The Artist / Konstnären
Konstakademien (Royal Academy of Fine Arts), Stockholm, 11 February — 11 September 2016
Moderna Museet, Malmö, 24 September 2016 — 19 February 2017

Throughout history, artists have played a wide variety of different roles. It’s a huge leap from the courtly painter who works on commission to the bohemian who refuses to rely on the approval of high society. This exhibition explores a number of different roles for artists, and also uncovers some of the myths that surround them.

How independent was the bohemian really? What kinds of new standards and rules have emerged within the avant-garde of modern art? And where did the idea of the free, creative, male genius come from? Women artists have often been portrayed as ‘exceptional anomalies’ in the history of art, but this exhibition shows just how numerous and how influential they have been, and how in the 1870s and 80s they shook up the preconception of the artist as a role for men.

Alexander Roslin, The Artist and His Wife Marie Suzanne Giroust Painting the Portrait of Wilhelm Peill, 1767, oil on canvas 131 × 98.5 cm (Stockholm: Nationalmuseum).

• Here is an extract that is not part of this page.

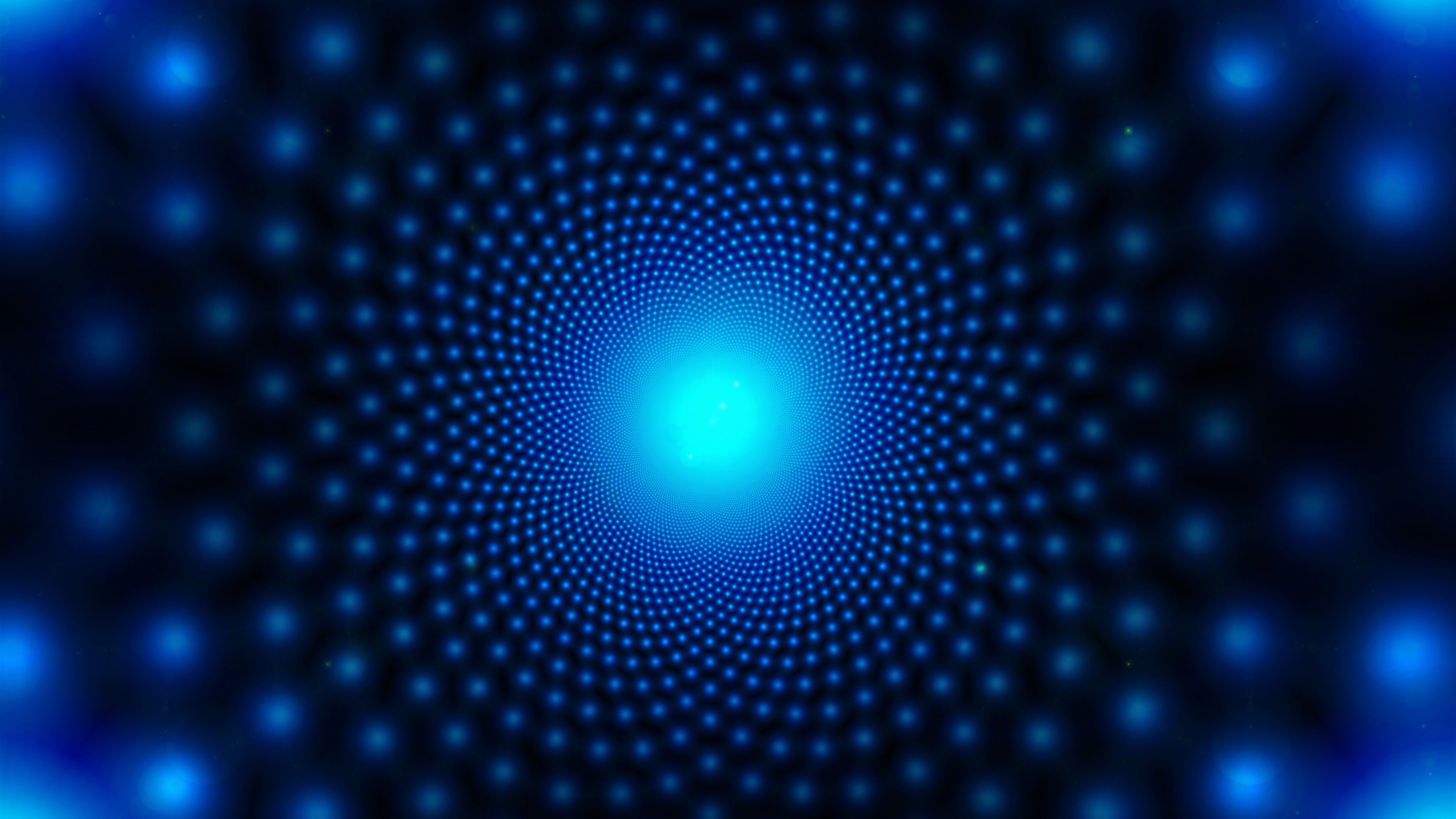 Description: A blue background with a circular design in the center of it and a blue light at the end of the circle.

Alexander Roslin, The Artist and His Wife Marie Suzanne Giroust Painting the Portrait of Wilhelm Peill, 1767, oil on canvas 131 × 98.5 cm (Stockholm: Nationalmuseum).

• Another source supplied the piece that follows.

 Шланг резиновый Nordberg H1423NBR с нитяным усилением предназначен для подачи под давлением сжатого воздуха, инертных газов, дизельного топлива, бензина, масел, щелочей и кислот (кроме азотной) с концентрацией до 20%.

In more recent times, many artists have played the role of entrepreneur. Jeff Koons and Ernst Billgren work as modern businessmen in a commercial market economy. But the entrepreneurial artist has historical roots. Rosa Bonheur and Anders Zorn were both skilled painters as well as extremely competent when it came to building up their own personal brands, which helped them achieve great success in the international art market at the end of the nineteenth century. Entrepreneurial artists played an important role in seventeenth-century Holland as well.

During the eighteenth and nineteenth centuries, it was the values of the art academies of Europe that set the standard in the art world. Artists in these academies were trained in reproducing the classical ideals. Today the research conducted in university art schools is an example of a new form of academic work for artists.

This exhibition illuminates how artists relate to travel and to encounters with other cultures. In some cases an artist’s view of foreign cultures may be full of clichés and stereotypes. But there are also plenty of examples of artists who have worked to expose underlying power structures and standards in their encounters with other cultures.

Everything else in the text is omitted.